Nigel Lemos was born premature and when his mother Shirley found out that he had Downs’ Syndrome, she went all out to look for opportunities for him. “But it was very hard to find a good school for people with special needs. Since I was working as a teacher as well, I would have had to leave with him with someone or the other but he would always be on my mind,” she says.

“After a lot of running around, I took him to Ashalaya School for Welfare of Mentally Retarded and then Divya Shanti. But after a while, he fell sick. Then he did paper cutting in Association for People with Disabilities (APD) Pre-Vocational Training and came to Diya Foundation, where he would assist in screen printing and do paper craft,” recalls Shirley.

Nigel’s abilities didn’t go unnoticed as he rose in the job and today, he is employed by an MNC deputed to the Unilever facility where he works in the staff canteen and is responsible for the maintenance of cleanliness there. “He has a meticulous eye for detail. In fact the first week when he was wiping the table, he noticed that the gaps in the slabs of the table had crusted food. So he took a coffee stirrer and started scraping it out. He then swept everything that fell under the table,” says Suman John, CEO, Diya Innovations where Nigel was working after he progressed in Diya Foundation.

“It shows that people with Downs’ Syndrome have a great eye for detail when compared to normal people and the job means a lot to them. So more of these people should be employed,” she adds. There are a number of children with learning disorders in the City and Jayashree Rajanahally, coordinator, Brindavan After School Remedial Centre tirelessly works to merge them in the mainstream.

“The worst part about children with learning disabilities is that their disabilities are hidden.

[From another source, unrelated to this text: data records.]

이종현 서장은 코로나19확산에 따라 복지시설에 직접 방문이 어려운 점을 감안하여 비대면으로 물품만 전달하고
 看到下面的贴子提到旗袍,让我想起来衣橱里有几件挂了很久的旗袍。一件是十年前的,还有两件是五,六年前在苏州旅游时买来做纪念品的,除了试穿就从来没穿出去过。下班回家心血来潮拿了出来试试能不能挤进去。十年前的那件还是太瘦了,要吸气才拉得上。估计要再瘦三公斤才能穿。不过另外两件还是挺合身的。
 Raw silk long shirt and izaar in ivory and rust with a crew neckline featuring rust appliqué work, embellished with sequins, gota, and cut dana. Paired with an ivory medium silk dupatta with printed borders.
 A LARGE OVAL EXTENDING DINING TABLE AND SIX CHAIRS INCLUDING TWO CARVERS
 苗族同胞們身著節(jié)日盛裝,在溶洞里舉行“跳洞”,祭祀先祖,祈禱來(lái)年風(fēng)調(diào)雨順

So they don’t get any empathy or sympathy,” she notes. “We have around 60 children from various schools with learning disorders, attention deficit problem and high function autism. But they are all very capable and just need a little support which many mainstream school aren’t able to provide,” she adds.

The children come and go between 3 pm and 6 pm and for three to four of them, there is one special educator. Brindavan Trust has two centres – at BNM School in Banashankari and in Jayanagar Second Block, where they also have walk-in queries for parents of such children. “After all, a little help goes a long way,” she says.

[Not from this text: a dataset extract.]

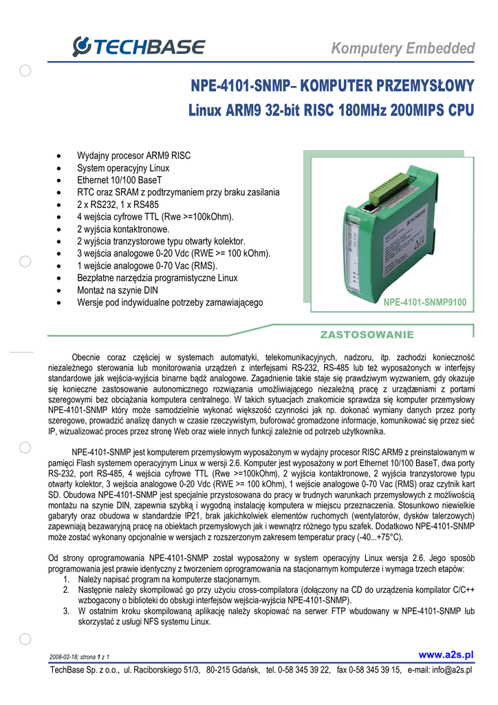 Komputery Embedded NPE-4101-SNMP– KOMPUTER PRZEMYSŁOWY Linux ARM9 32-bit RISC 180MHz 200MIPS CPU Wydajny procesor ARM9 RISC System operacyjny Linux Ethernet 10/100 BaseT RTC oraz SRAM z podtrzymaniem przy braku zasilania 2 x RS232, 1 x RS485 4 wejścia cyfrowe TTL (Rwe >=100kOhm). 2 wyjścia kontaktronowe. 2 wyjścia tranzystorowe typu otwarty kolektor. 3 wejścia analogowe 0-20 Vdc (RWE >= 100 kOhm). 1 wejście analogowe 0-70 Vac (RMS). Bezpłatne narzędzia programistyczne Linux Montaż na szynie DIN Wersje pod indywidualne potrzeby zamawiającego NPE-4101-SNMP9100 ZASTOSOWANIE Obecnie coraz częściej w systemach automatyki, telekomunikacyjnych, nadzoru, itp. zachodzi konieczność niezależnego sterowania lub monitorowania urządzeń z interfejsami RS-232, RS-485 lub też wyposażonych w interfejsy standardowe jak wejścia-wyjścia binarne bądź analogowe. Zagadnienie takie staje się prawdziwym wyzwaniem, gdy okazuje się konieczne zastosowanie autonomicznego rozwiązania umożliwiającego niezależną pracę z urządzeniami z portami szeregowymi bez obciążania komputera centralnego. W takich sytuacjach znakomicie sprawdza się komputer przemysłowy NPE-4101-SNMP który może samodzielnie wykonać większość czynności jak np. dokonać wymiany danych przez porty szeregowe, prowadzić analizę danych w czasie rzeczywistym, buforować gromadzone informacje, komunikować się przez sieć IP, wizualizować proces przez stronę Web oraz wiele innych funkcji zależnie od potrzeb użytkownika. NPE-4101-SNMP jest komputerem przemysłowym wyposażonym w wydajny procesor RISC ARM9 z preinstalowanym w pamięci Flash systemem operacyjnym Linux w wersji 2.6. Komputer jest wyposażony w port Ethernet 10/100 BaseT, dwa porty RS-232, port RS-485, 4 wejścia cyfrowe TTL (Rwe >=100kOhm), 2 wyjścia kontaktronowe, 2 wyjścia tranzystorowe typu otwarty kolektor, 3 wejścia analogowe 0-20 Vdc (RWE >= 100 kOhm), 1 wejście analogowe 0-70 Vac (RMS) oraz czytnik kart SD. Obudowa NPE-4101-SNMP jest specjalnie przystosowana do pracy w trudnych warunkach przemysłowych z możliwością montażu na szynie DIN, zapewnia szybką i wygodną instalację komputera w miejscu przeznaczenia. Stosunkowo niewielkie gabaryty oraz obudowa w standardzie IP21, brak jakichkolwiek elementów ruchomych (wentylatorów, dysków talerzowych) zapewniają bezawaryjną pracę na obiektach przemysłowych jak i wewnątrz różnego typu szafek. Dodatkowo NPE-4101-SNMP może zostać wykonany opcjonalnie w wersjach z rozszerzonym zakresem temperatur pracy (-40...+75°C). Od strony oprogramowania NPE-4101-SNMP został wyposażony w system operacyjny Linux wersja 2.6. Jego sposób programowania jest prawie identyczny z tworzeniem oprogramowania na stacjonarnym komputerze i wymaga trzech etapów: 1. Należy napisać program na komputerze stacjonarnym. 2. Następnie należy skompilować go przy użyciu cross-compilatora (dołączony na CD do urządzenia kompilator C/C++ wzbogacony o biblioteki do obsługi interfejsów wejścia-wyjścia NPE-4101-SNMP). 3. W ostatnim kroku skompilowaną aplikację należy skopiować na serwer FTP wbudowany w NPE-4101-SNMP lub skorzystać z usługi NFS systemu Linux. 2008-02-18; strona 1 z 1 www.a2s.pl TechBase Sp. z o.o., ul. Raciborskiego 51/3, 80-215 Gdańsk, tel. 0-58 345 39 22, fax 0-58 345 39 15, e-mail: [email protected] Komputery Embedded Konstrukcja sprzętowa NPE-4101-SNMP jest oparta na procesorze ARM9 32-bit RISC CPU 180MHz, 32MB SDRAM, 8MB Flash. NPE-4101-SNMP posiada zegar czasu rzeczywistego oraz pamięć SRAM podtrzymywaną przez okresy braku napięcia zasilającego, czytnik kart SD oraz Watch Dog Timer zabezpieczający przez zawieszeniem się komputera. Jako interfejsy wejścia-wyjścia komputer posiada dwa porty RS232, port RS485, cztery wejścia cyfrowe TTL (Rwe >=100kOhm), dwa wyjścia kontaktronowe, dwa wyjścia tranzystorowe typu otwarty kolektor, trzy wejścia analogowe 0-20 Vdc (RWE >= 100 kOhm), jedno wejście analogowe 0-70 Vac (RMS). Opcjonalnie NPE-4101-SNMP może zostać wyposażony w większą ilość pamięci SDRAM oraz Flash zależnie od wymagań użytkownika, a producent, firma TechBase Sp. z o.o., oferuje możliwość zamówienia wersji dedykowanych wyposażonych w niestandardowe wersje interfejsów oraz zasobów wewnętrznych. NPE-4101-SNMP wraz z pozostałymi komputerami tej rodziny to seria przemysłowych komputerów wbudowanych charakteryzujących się: pełną, gotową platformą (sprzęt + zainstalowany system operacyjny Linux + darmowe narzędzia i biblioteki programistyczne dla C/C++) przystosowaną do pracy w trudnych warunkach otoczenia (zakres temperatury pracy nawet od -40 ~ +75°C) oraz wysoką niezawodnością działania. PARAMETRY TECHNICZNE Typ: NPE-4101-SNMP System CPU ARM9 32-bit RISC CPU, 180 MHz, 200 MIPS SDRAM 32 MB (opcjonalnie do 128 MB) Flash 8 MB (opcjonalnie do 16 MB) Czytnik kart SD x 1 System operacyjny Linux v 2.6 RTC, SRAM 240 bajtów, Watch Dog Timer Interfejs Ethernet Ethernet 10/100 Mbps (złącze RJ45) 1.5 KV magnetic isolation Porty szeregowe 2 x RS-232, 1 x RS485, wbudowane zabezpieczenie 15 KV ESD Bity danych: 5, 6, 7, 8 Bity stopu: 1, 1.5, 2 Parzystość: None, Even, Odd, Space, Mark Prędkość: 50 bps do 921.6 Kbps Kontrolki LED, klawiatura, wejścia-wyjścia LED: Gotowość systemu x 1, użytkownika x 1 LAN 100M/Link x 2 (zintegrowana z gniazdem RJ45) 1 x Switch monostabilny (dostęp od czoła obudowy) 8 x DI, 6 x DO obciążalność 100 mA każde Parametry Mechaniczne Wymiary (Szerokość x Głębokość x Wysokość) 35 x 120 x 101 mm Waga 300g. Obudowa: ABS, montaż na szynie DIN Zasilanie Napięcie zasilające: 12 ~ 36 Vdc (opcjonalnie 12 ~ 48 Vdc – zakres telekomunikacyjny) Pobór mocy: 7W max Warunki pracy i przechowywania Temperatura pracy: -10 ~ 60°C wilgotność: 5 ~ 95% RH (bez kondensacji) opcjonalnie: -40 to 75°C (dla NPE-4101-SNMP-E). Temperatura przechowywania: -20 ~ 80°C wilgotność: 5 ~ 95% RH (bez kondensac

One such student with a learning disability who was also helped by Jyothi Iyer of Brindavan Trust is Anirudh. “A day like International Day of People with Disability is highly necessary as schools need to recognise the challenges faced by such children,” says the student of PESIT.

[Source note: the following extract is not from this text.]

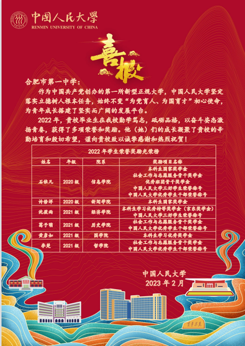 近日,合肥一中收到来自中国人民大学的喜报。在喜报中,中国人民大学对合一学子的在校表现不吝溢美之词,称赞合一学子勤学笃志,砥砺品格,以奋斗姿态激扬青春,获得了多项荣誉和奖励。同时,也对合肥一中给予他们成长的辛勤培育表示感谢,并对他们的获奖表示祝贺!
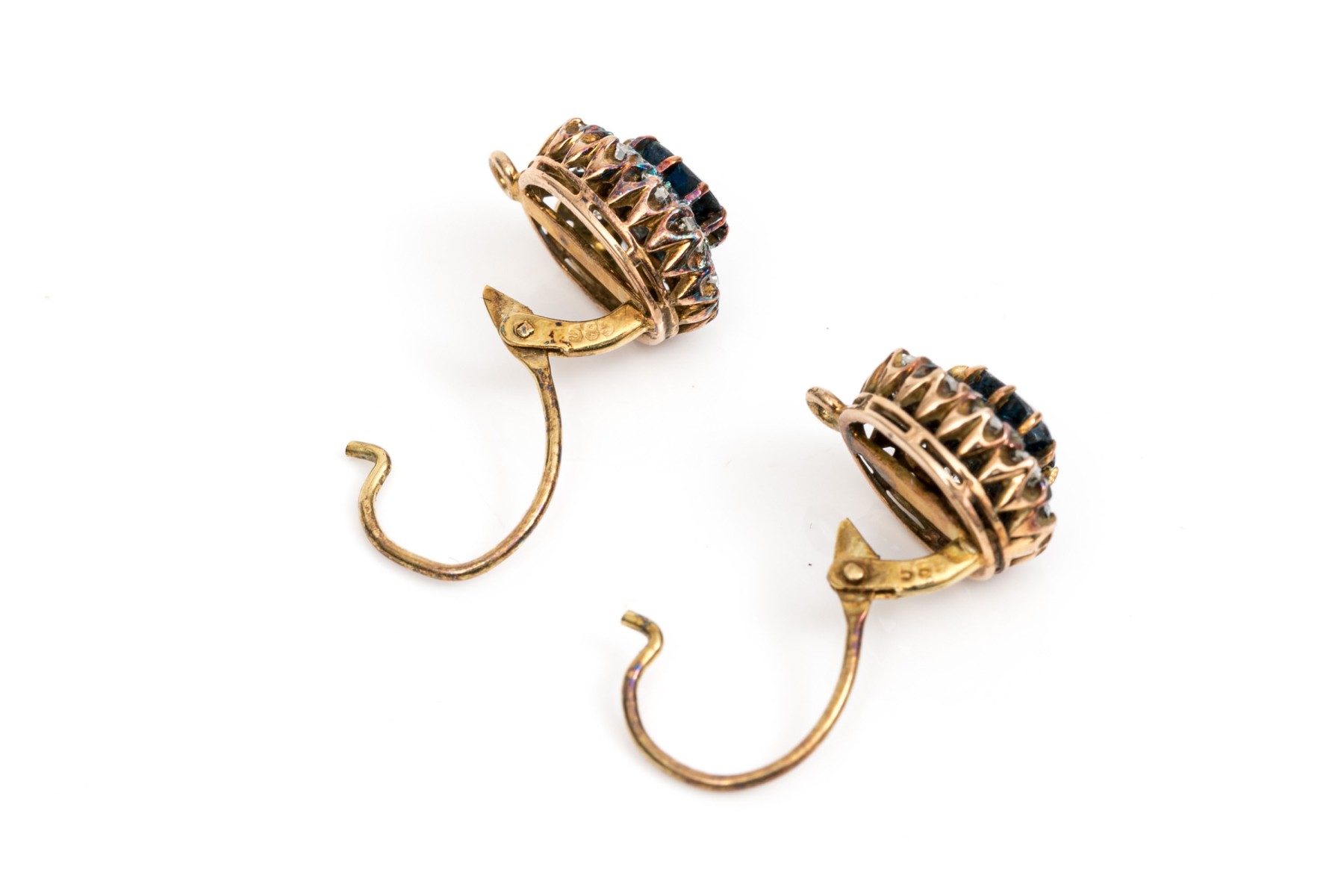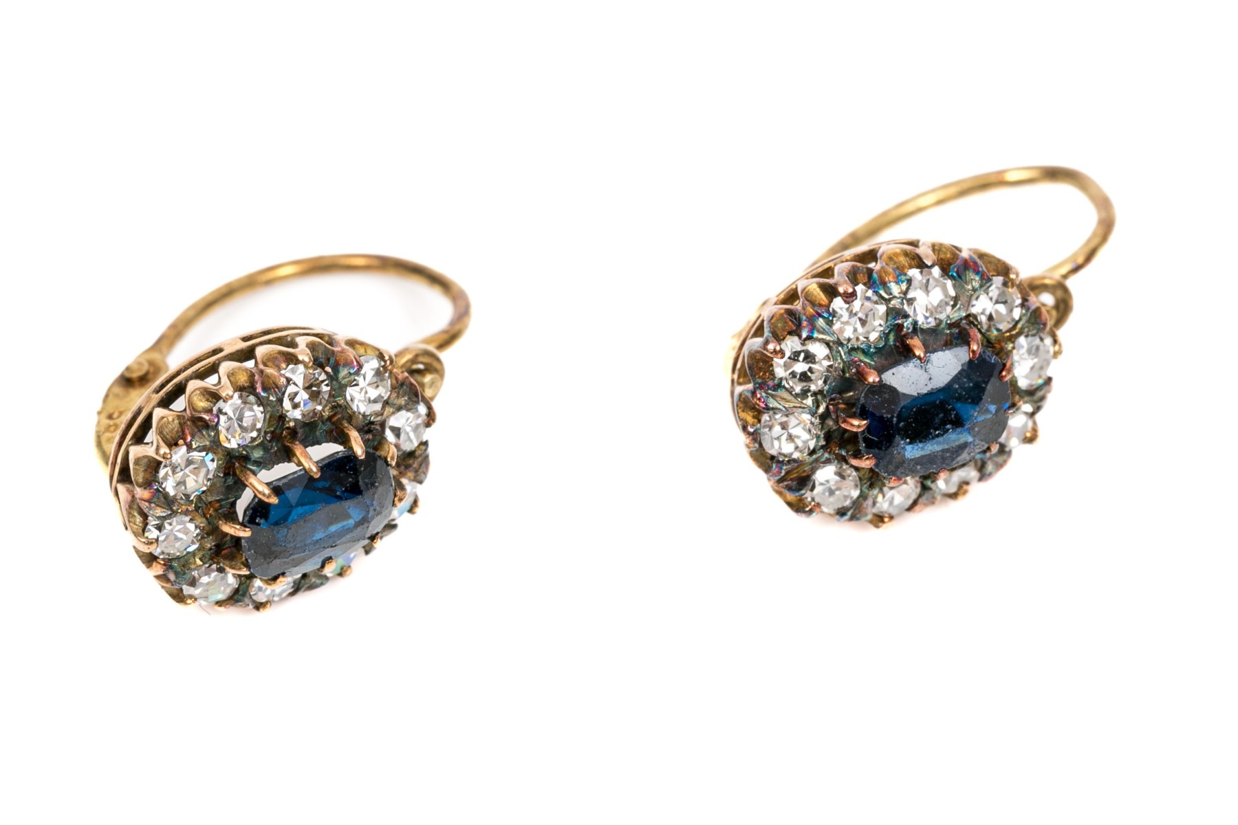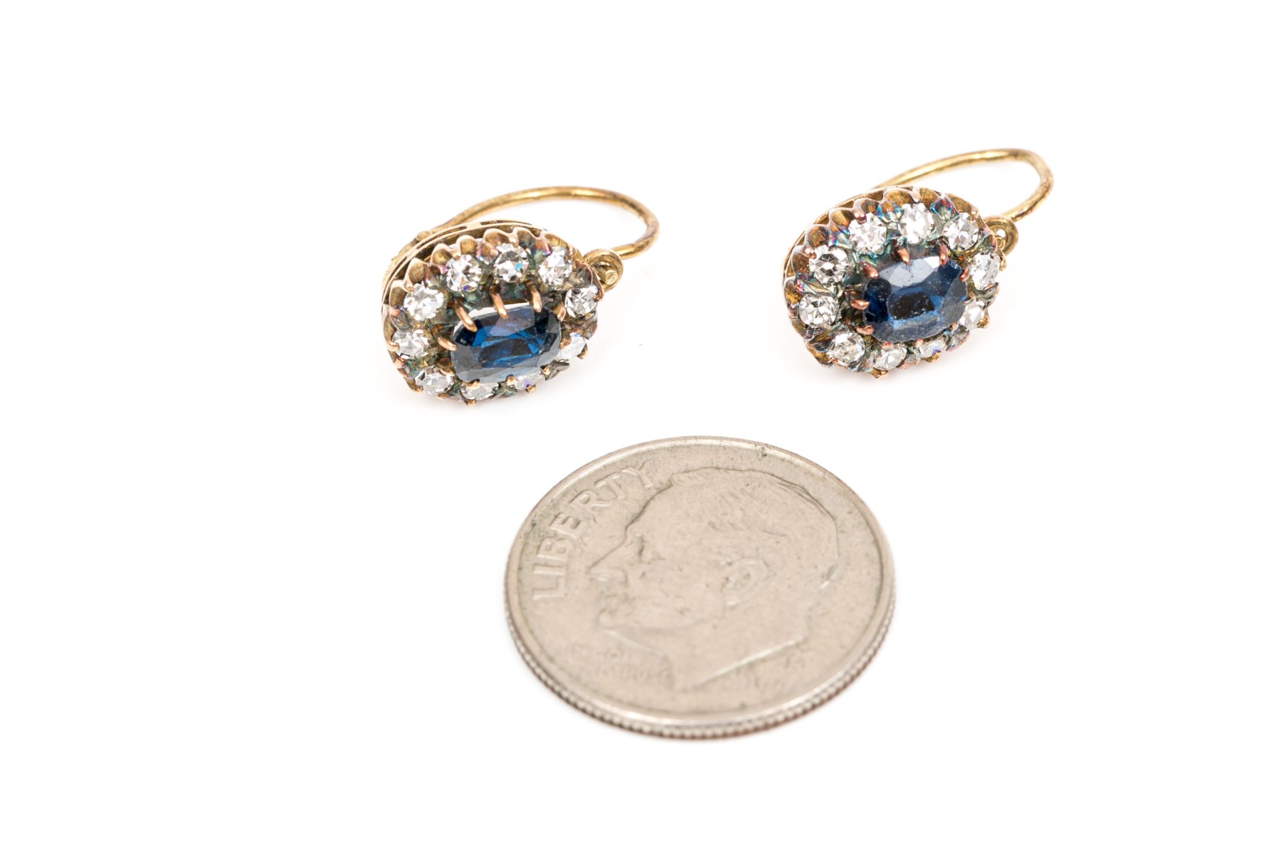 14k yellow gold striking vintage blue and white sapphire halo earrings, finished with wires and lever style backs

Says Dr Ajay Kela, President and CEO, Wadhwani Foundation, which also works towards merging disabled people into the mainstream, “India has about three to four million educated disabled but their representation in corporate India is meagre. An educated disabled offers business value having demonstrated tenacity in acquiring their degree despite weak supporting infrastructure. Our mission is to mainstream the educated disabled into sustainable high-quality corporate jobs.”

All that these children need is a little support as Shirley Lemos sums up, “Many people don’t think highly of such kids. But they are really talented and just need the right opportunity.”